You Can Sit Some Shit Out, It’s Okay

Feeling like I slept through a week whereby some earth-shattering, course-changing shit took place. It’s really great. One event, though, sticks out.

Your capacity for empathy will carry you, while your ability to by-pass ego will make sho you keep learning.

You don’t have to believe that suicide is sometimes the only way out in order to empathise with people who have sought it out as their final resort. Referring to people who choose that as their way to go, while insisting on keeping your position that depression is ‘temporary hardship’; refusing to succumb to teachable moments and instead asserting your skewed ideas about the world and all who live in it, while dismissing people’s daily experiences — experiences you’ll never, ever know or understand — makes you an asshole.

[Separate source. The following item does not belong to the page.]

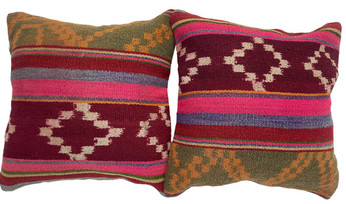 Cojines fabricados a mano en lana de oveja y alpaca. Cada diseño es único y sus motivos aluden a la zona geográfica y cultural donde fueron hechos.

I lost two very close people, family members to whom memories of my entire childhood are interlinked, before turning 21. My teenage years were like a direct line where suicide announcements popped in by the passing year.

Just, loss.

But even at that stage, knowing a little less than I do now, I could empathize with them; I understood that their decision had nothing to do with me, and that they were no less of human beings, no less capable than any of us who choose this fucking mess of existence daily. Most importantly, they are not weak for electing to leave.

Our ability to feel for other people, what is known as kutloelo-bohloko ka Sesotho, is the only thing that’ll carry us humans forward. Our individual commitment to building that capacity is currency stronger than nuts of the macadamia variety.

I am sorry to the people going through their own darkness, whose memories of multiple suicide attempts have been triggered by news of Jabba’s passing this week.